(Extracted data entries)
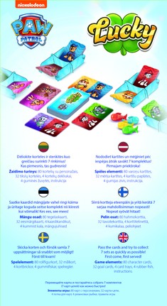 Žaidimas „Lucky“ – tai smagus greitas žaidimas, kuriame svarbiausia – įžvalgumas ir greitai reakcija. Žaidimo metu žaidėjai deda korteles su personažais į šalia esančius dėkliukus, kol kuris nors tampa laimėtoju. Pasirinkite vieną rankoje turimą kortelę, kurią norėsite įdėti į kairėje esantį dėkliuką. Tada traukite vieną kortelę iš dešinėje esančio dėkliuko. Abiejose kortelės pusėse pavaizduotas tas pats personažas. Visi žaidėjai korteles į dėkliukus deda vienu metu, tačiau kiekvienas savo tempu. Rankoje negalima laikyti daugiau kaip 5 kortelių su personažais. Jei iš tikslo kortelių krūvelės ištraukiate kortelę su žuvimi, stenkitės kuo greičiau pagauti atitinkamos spalvos guminę žuvytę. Pirmasis teisingą žuvytę pačiupęs žaidėjas pasideda ją prieš save kartu su žuvies kortele – taip pelnomas dar vienas taškas. Dėliokite korteles ir stenkitės kuo greičiau surinkti 7 rinkinius! Kas pirmesnis, tas gudresnis!
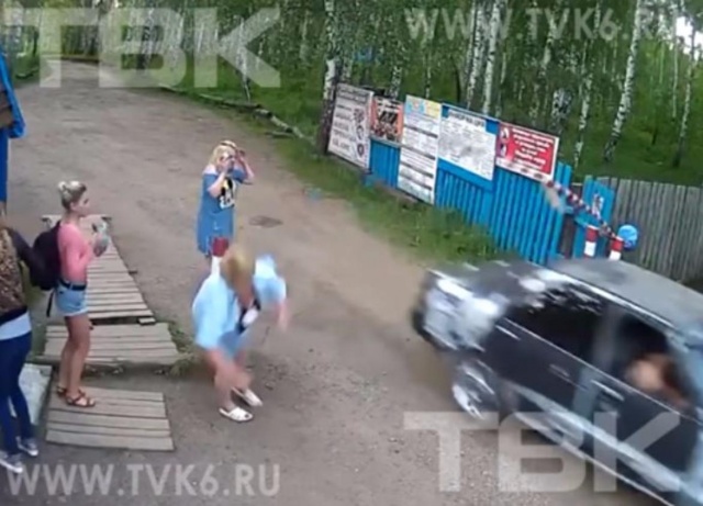 Женщину-администратора, которая не хотела пропускать агрессивных посетителей, ударило шлагбаумом. Водитель иномарки сбил шлагбаум, и железная труба отлетает прямо в администратора.
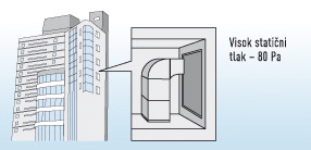 S pomočjo nove zasnove ventilatorja, motorja ventilatorja in ohišja omogoča posebna postavitev na mestu vgradnje tlak do 80 Pa pri vseh modelih. Za prilagodljivo namestitev je potrebna vgradnja izpustnega kanala, s katerim se prepreči padec učinkovitosti zaradi skrajšane poti kroženja zraka. Nova funkcija omogoča namestitev notranjih enot v tovarniških prostorih v poljubnem nadstropju stavbe.
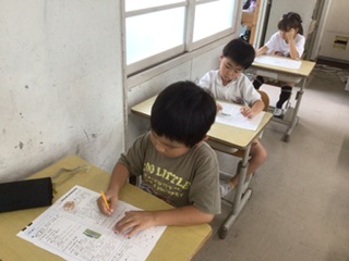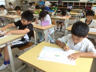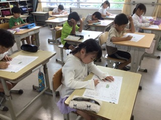 国語のテストに取り組んでいます。みんな真剣な表情です。
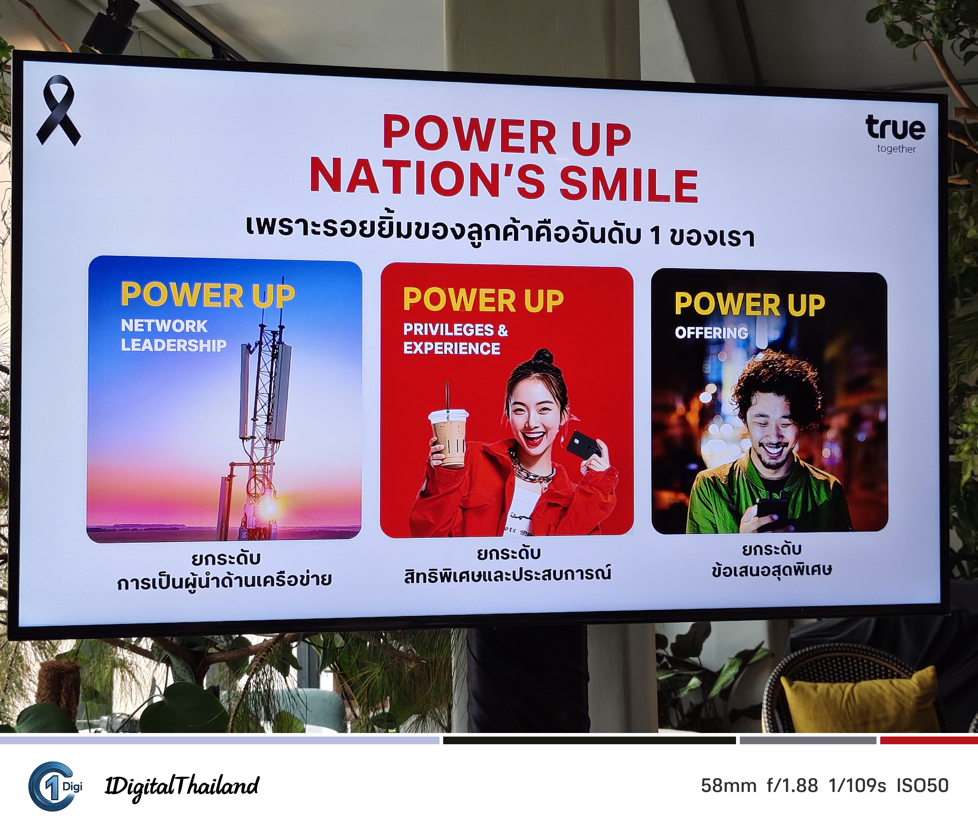 จากความสำเร็จในการควบรวมโครงข่าย กลุ่มทรูได้เปิดตัวแคมเปญใหม่ภายใต้แนวคิด "Power Up Nation Smile" (อัพสัญญาณ อัพความสุข) โดยเน้นย้ำว่ารอยยิ้มของลูกค้าคืออันดับหนึ่ง ปณิธานนี้มุ่งเน้นการใช้ประโยชน์จากโครงสร้างพื้นฐานของประเทศเพื่อสร้างคุณค่าให้กับทุกกลุ่มลูกค้าและสังคม

→ Work item
What you return should match the entries word for word, pictures aside.

→ Task output
 Žaidimas „Lucky“ – tai smagus greitas žaidimas, kuriame svarbiausia – įžvalgumas ir greitai reakcija. Žaidimo metu žaidėjai deda korteles su personažais į šalia esančius dėkliukus, kol kuris nors tampa laimėtoju. Pasirinkite vieną rankoje turimą kortelę, kurią norėsite įdėti į kairėje esantį dėkliuką. Tada traukite vieną kortelę iš dešinėje esančio dėkliuko. Abiejose kortelės pusėse pavaizduotas tas pats personažas. Visi žaidėjai korteles į dėkliukus deda vienu metu, tačiau kiekvienas savo tempu. Rankoje negalima laikyti daugiau kaip 5 kortelių su personažais. Jei iš tikslo kortelių krūvelės ištraukiate kortelę su žuvimi, stenkitės kuo greičiau pagauti atitinkamos spalvos guminę žuvytę. Pirmasis teisingą žuvytę pačiupęs žaidėjas pasideda ją prieš save kartu su žuvies kortele – taip pelnomas dar vienas taškas. Dėliokite korteles ir stenkitės kuo greičiau surinkti 7 rinkinius! Kas pirmesnis, tas gudresnis!
 Женщину-администратора, которая не хотела пропускать агрессивных посетителей, ударило шлагбаумом. Водитель иномарки сбил шлагбаум, и железная труба отлетает прямо в администратора.
 S pomočjo nove zasnove ventilatorja, motorja ventilatorja in ohišja omogoča posebna postavitev na mestu vgradnje tlak do 80 Pa pri vseh modelih. Za prilagodljivo namestitev je potrebna vgradnja izpustnega kanala, s katerim se prepreči padec učinkovitosti zaradi skrajšane poti kroženja zraka. Nova funkcija omogoča namestitev notranjih enot v tovarniških prostorih v poljubnem nadstropju stavbe.
 国語のテストに取り組んでいます。みんな真剣な表情です。
 จากความสำเร็จในการควบรวมโครงข่าย กลุ่มทรูได้เปิดตัวแคมเปญใหม่ภายใต้แนวคิด "Power Up Nation Smile" (อัพสัญญาณ อัพความสุข) โดยเน้นย้ำว่ารอยยิ้มของลูกค้าคืออันดับหนึ่ง ปณิธานนี้มุ่งเน้นการใช้ประโยชน์จากโครงสร้างพื้นฐานของประเทศเพื่อสร้างคุณค่าให้กับทุกกลุ่มลูกค้าและสังคม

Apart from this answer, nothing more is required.